FIG. 7 is an explanatory view of a conventional carriage driving unit.

[Explanation of symbols]

12 ... optical disk device, 14 ... chassis, 16 ...
Spindle motor, 18 ... turntable, 20 ...
Optical pickup, 22 Carriage, 26 Slide shaft, 27 Drive motor, 30 Pinion, 32
... Rack, 40 adjustment mechanism, 42 inner plate, 44 outer plate, 46 first plate, 48 second plate.

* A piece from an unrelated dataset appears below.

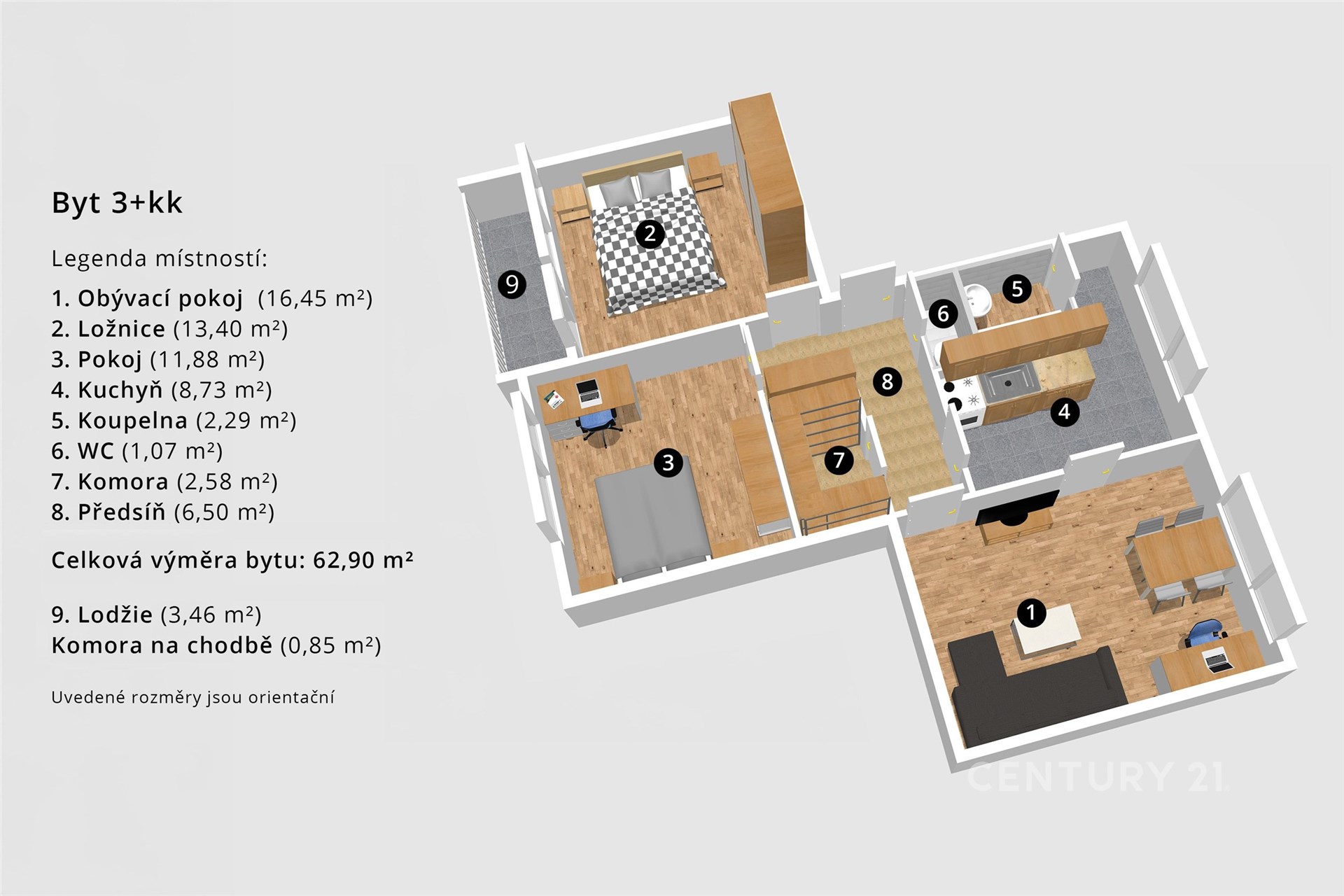 Byt samotný má výměru 62,90 m² je orientovaný na severovýchod a jihozápad, díky čemuž je nádherně světlý po celý den. Ranní světlo příjemně prozařuje obě ložnice, odpolední slunce pak dodává útulnou atmosféru obývacímu pokoji s kuchyní. Lodžie (cca 3,50 m²) orientovaná na SV nabízí příjemné posezení i v horkých letních dnech. Benefitem je praktická komora (1,20 m²) umístěná v mezipatře domu.

 ────────────────────────────────────────────────── ─── Continuation of the front page (72) Koji Suzuki, Inventor 6-35, Kita-Shinagawa, Shinagawa-ku, Tokyo Sony Corporation F-term (reference) 5D068 AA02 BB01 CC02 EE05 EE15 GG01 GG11 5D117 AA02 CC07 JJ11 JJ12 KK08 KK11 KK20

Claims (8)

[Claims] A spindle motor disposed on a chassis for driving an optical disk to rotate; a base block facing the spindle motor and disposed on the chassis; a carriage on which an optical pickup is mounted; An optical disc device for recording / reproducing information on / from an optical disc, comprising: a guide mechanism for supporting the carriage so as to be movable in a radial direction of the optical disc; and a driving means for moving the carriage. An adjusting mechanism for supporting the guide mechanism and the driving means on a base block, and an adjusting mechanism for adjusting a posture of the base block with respect to the chassis. 2. The method according to claim 1, wherein the adjustment of the posture of the base block is performed by swinging the base block up and down on the chassis and moving the base block away from and approaching the chassis. Item 3. An adjustment mechanism in the optical disk device according to Item 1. 3. The adjusting mechanism according to claim 1, wherein the adjusting mechanism is provided on both sides of the base block. 4. The adjustment mechanism has an inner plate to which a base block is fixed, and the adjustment of the posture of the base block by the adjustment mechanism swings the inner plate up and down, and attaches the inner plate to a chassis. 4. The adjusting mechanism according to claim 3, wherein the adjusting mechanism is performed by moving the optical disc apparatus away from the optical disc apparatus. 5. The adjusting mechanism has an inner plate to which a base block is fixed, and the inner plate has side surfaces facing both sides of the base block, and each side surface extends in a direction away from the base block. Two adjusting shafts that protrude are provided, and the adjusting mechanism has an outer plate facing the outside of the side surface of the inner plate and attached to a chassis, and the adjusting shaft moves in a radial direction of the optical disk by the outer plate. Supported by impossibility,
4. The adjusting mechanism according to claim 3, wherein the vertical swing and the separation approaching movement of the base block by the adjusting mechanism are performed via the adjusting shaft. 6. The two base blocks are provided with the spindle motor interposed therebetween, and the adjusting mechanisms are provided on both sides of the two base blocks, respectively. 6. The adjusting mechanism according to claim 5, wherein the adjusting mechanism is formed of one member. 7. The optical disk according to claim 1, wherein said drive means comprises a drive motor, a pinion rotated by the drive motor, and a rack provided on a carriage and meshing with the pinion. Adjustment mechanism in the device. 8. The adjusting mechanism according to claim 1, wherein the base block is supported on a chassis by the adjusting mechanism.